(INPUT DATA begins)
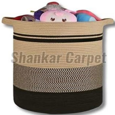
Multipurpose Jute Baskets
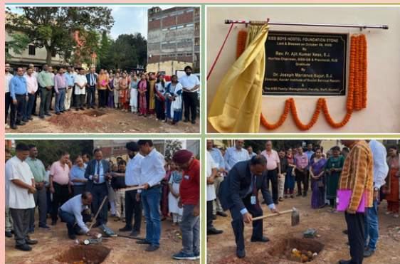
Blessing Ceremony and Foundation Stone laying of XISS's Boy's Hostel

https://xiss.ac.in/news/xiss-conferred-as-top-performing-ndli-club-in-jharkhand-by-ndli-at-iit-kharagpur
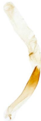
254 Cerapteryx graminis (Antler Moth)
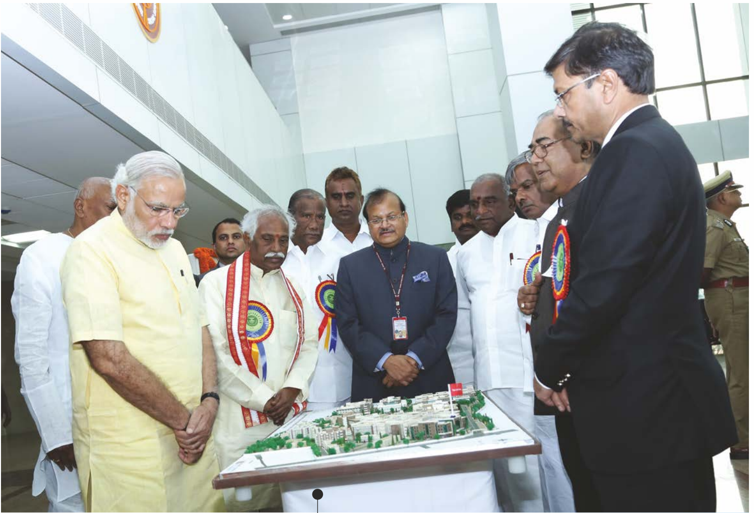
Shri. Narendra Modi, Hon'ble Prime Minister of India, inaugurates ESIC Medical College & Hospital at Coimbatore, Tamil Nadu, executed by NBCC
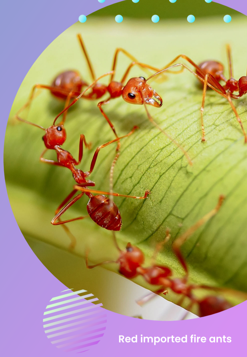
Red imported fire ants

Finally, if you haven't seen it already, check out this article that estimates how much red imported fire ant could cost your country if it established (see Table 4 for a summary of all impacts). If this ant establishes in all the SPREP/SPC member countries it could cost the region USD329 million per year in impacts. Another good reason to make sure your international and inter-island biosecurity/quarantine teams are well resourced to prevent these invaders.
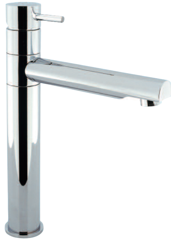
BASIN TALL MONOBLOC with no pop-up waste, swivel spout LP KL116DNC £239.00
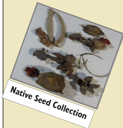
Native Seed Collection
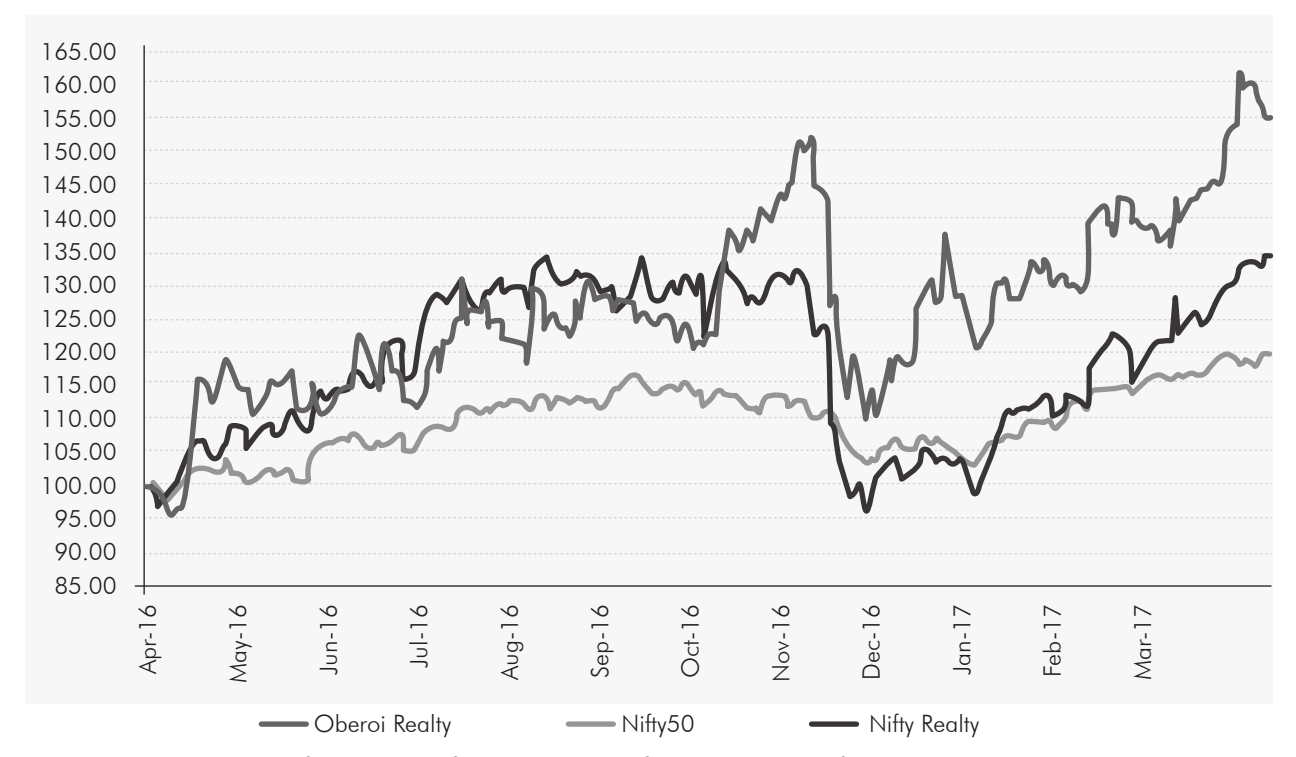
Closing value of ORL scrip, Nifty 50 Index and Nifty Realty Index as of April 1, 2016 has been indexed to 100.
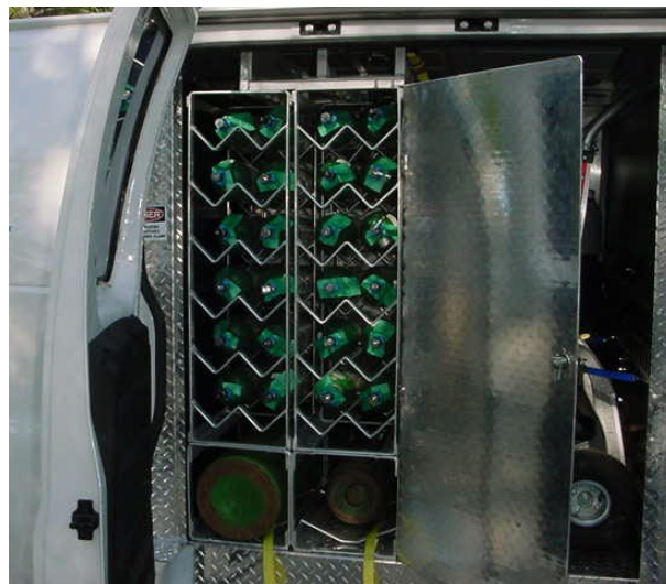
Figure 2 Typical cylinder storage rack on delivery vehicle

If cylinders are transported horizontally, they shall not be able to move inside the compartment during transportation. An example of a cylinder rack is given in Fig. 2.
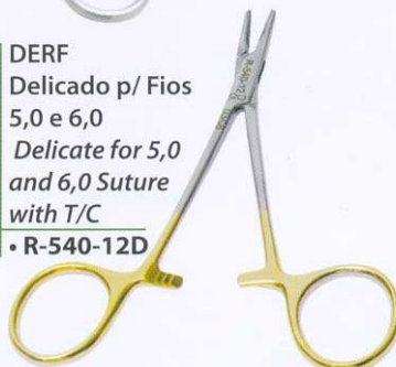
DERF Delicado p/ Fios 5,0 e 6,0 Delicate for 5,0 and 6,0 Suture with T/C • R-540-12D
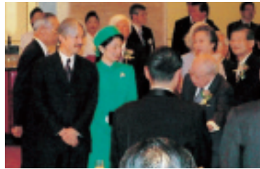
Their Imperial Highnesses Prince and Princess Akishino congratulate the laureates at the Congratulatory Party
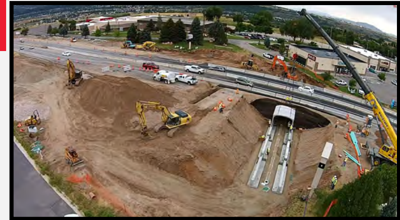
Installation of Pedestrian Tunnel.
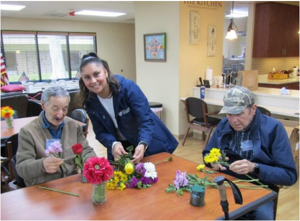
Photo Credits: Camarillo Health Care District Adult Day Center Easterseals – S. California
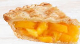
Our famous Peach Hi-Pie filled with Ripe Michigan or California peaches
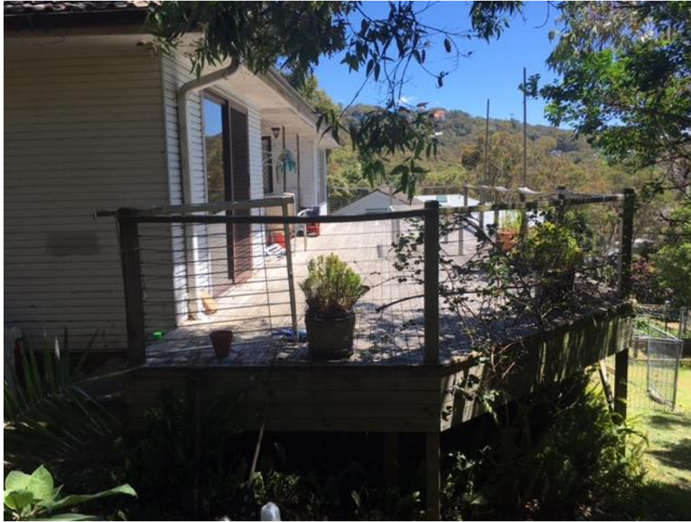
Fig 4: View of existing rear deck of subject dwelling, looking west
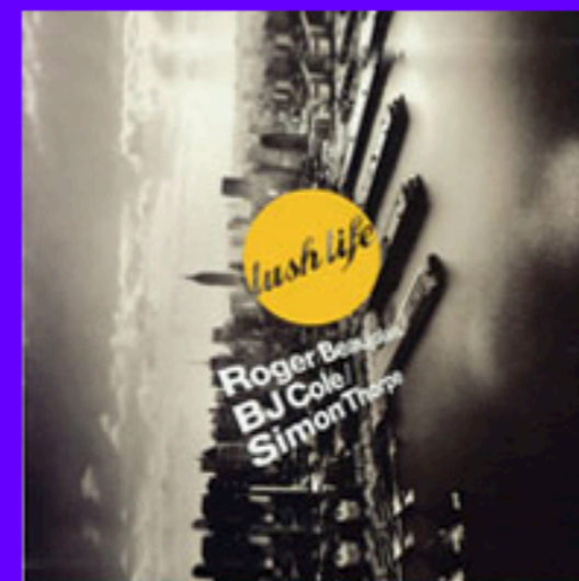
LUSH LIFE on Untied Artists
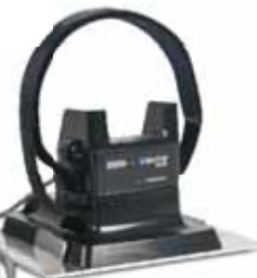
18108653 TRUCK-MOUNT CHARGER, HARD WIRED
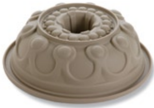
SILICONE CROWN CAKE PAN 1614
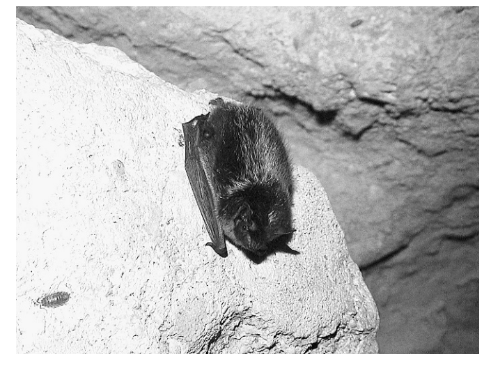
FIG. 3. — Eptesicus nilssonii searching for night-active invertebrates on vertical cliffs at Hoburgen, Gotland. A number of bat species are able to feed in this way before they take off from land. At sea, bats also hunt insects at wind power turbines near the blades and on the vertical tower sides.

At 1 departure site, Hoburgen on Gotland, bats of several species were seen landing on the almost vertical cliffs facing the sea, where they crawled around and fed on night-active
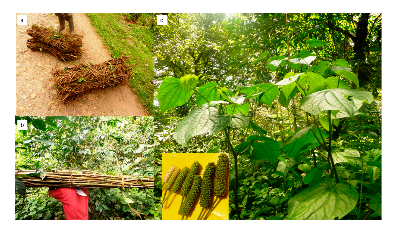
Figure 2. (a) Lianas; (b) young, strong and straight wood for live fences; and (c) Piper capense spice that the farmers collect from forest and forest coffee ecosystems in the Gera district of Ethiopia.
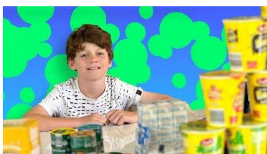
BTN Helping the Homeless
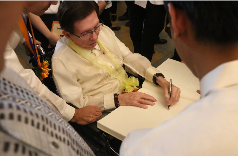
Ar. Francisco “Bobby” T. Mañosa
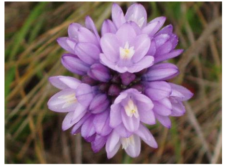
Dichelostemma capitatum capitatum BLUE-DICKS

Habitat: Grasslands, coastal scrub, chaparral, oak woodlands.
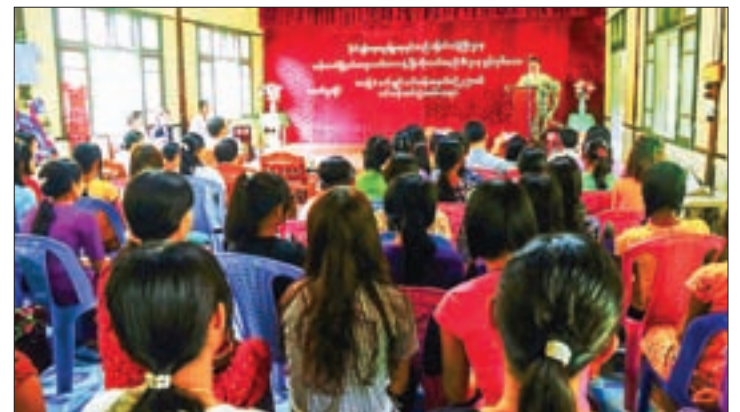
Closing ceremony of basic tailoring course being held.
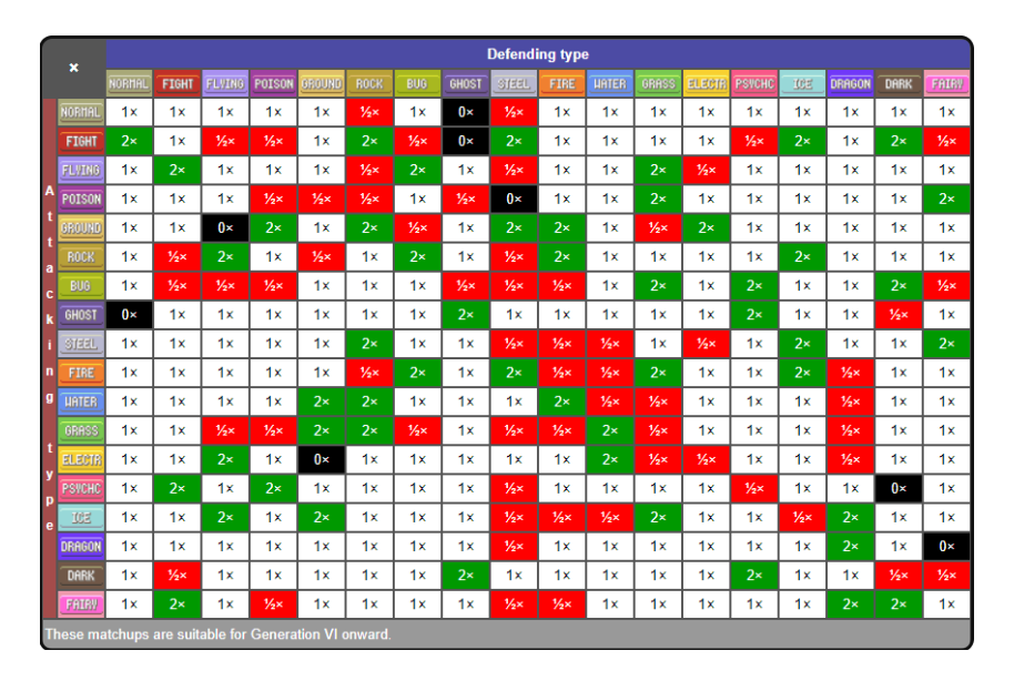
Figure 1: Current Type Match-Up Chart for Pokémon Games ("Type/Type Chart," Bulbapedia, accessed February 24, 2020, https://bulbapedia.bulbagarden.net/wiki/Type/Type_chart.)

When Pokémon win a Battle, they gain Experience Points (EXP). If a Pokémon gets enough experience points, they grow by one Level and receive a boost to their strength in several areas, called Stats. If a Pokémon grows a certain number of levels or achieves several other requirements, they will evolve into a stronger species of Pokémon.
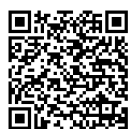
X600 3D demo
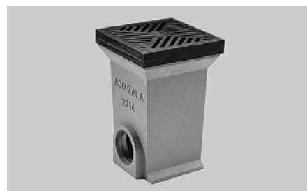
Garden gully made of polymer concrete, cast-iron frame and grating made of cast-iron, a basket (PP), pre-forming with the NBR-O-ring for the outlet DN 100, and removable FAT
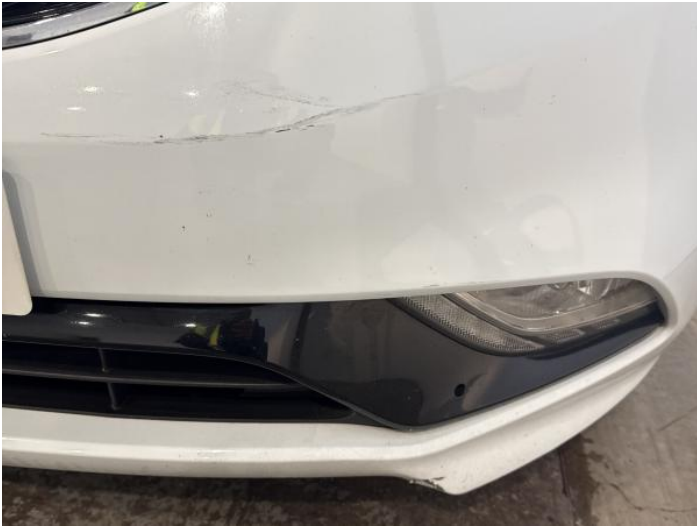
3: Bumper Front Scratched 25 to 100mm Thru Paint
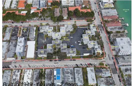
Built in 1949 - 60 units - 2 floors
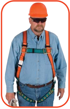
Part No. 502757
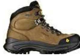
VASQUE WASATCH ♀♂ Gore-Tex®

High-quality boot that lives up to its namesake mountain range. Incredible fit and construction has earned this boot its rock solid reputation
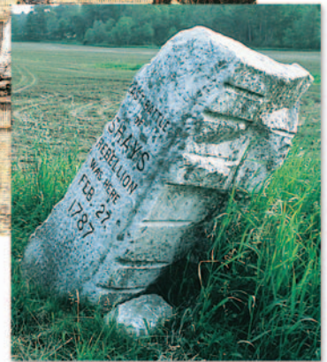
Shays's rebels take over a Massachusetts courthouse. A stone marker rests on the spot of the rebellion.

In January 1787, Shays and his men marched on a federal arsenal, a place to store weapons. The arsenal was defended by 900 soldiers from the state militia. The militia quickly defeated Shays's men. But even though the militia put down Shays's Rebellion , as the uprising came to be known, the farmers won the sympathy of many people. America's leaders realized that an armed uprising of common farmers spelled danger for the nation.
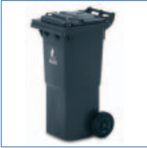
MGB 60 l

plastic can then be used in the production of many different products. They are equipped with rubber tired wheels with a solid axle made from galvanized, tempered steel. The MGB 60 l and 80 l are resistant to frost, heat and chemicals and the smooth surface prevents waste from sticking.
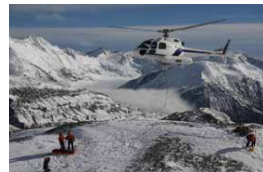
Wanaka Search and Rescue
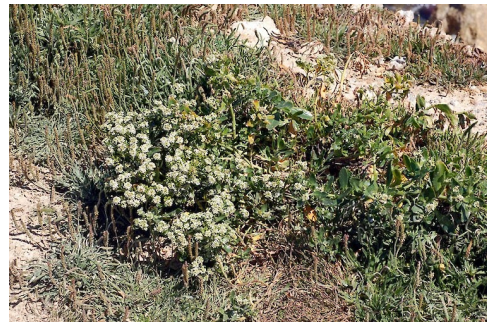
Aramoana Mole. Nov 2009.
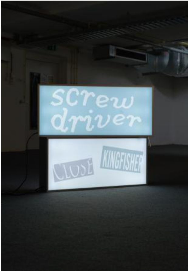
Black Box Society, 2021
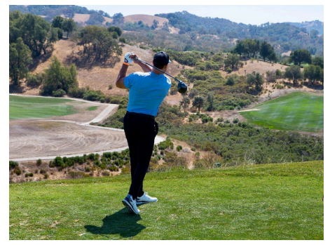
Photos from the residential program and the 15th Annual PACE Golf Classic.
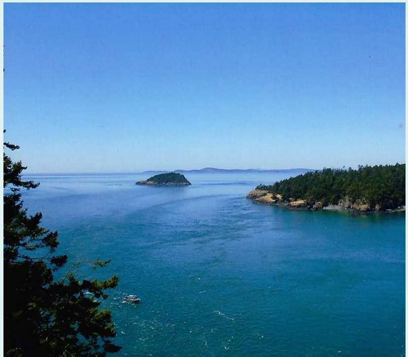
Deception Pass, Whidbey Island.
(INPUT DATA ends)
Every line above from the one with "Shri. Narendra Modi, Hon'ble" down to the one with "Finally, if you" must be written out exactly, and no picture may appear.

Shri. Narendra Modi, Hon'ble Prime Minister of India, inaugurates ESIC Medical College & Hospital at Coimbatore, Tamil Nadu, executed by NBCC
Red imported fire ants

Finally, if you haven't seen it already, check out this article that estimates how much red imported fire ant could cost your country if it established (see Table 4 for a summary of all impacts). If this ant establishes in all the SPREP/SPC member countries it could cost the region USD329 million per year in impacts. Another good reason to make sure your international and inter-island biosecurity/quarantine teams are well resourced to prevent these invaders.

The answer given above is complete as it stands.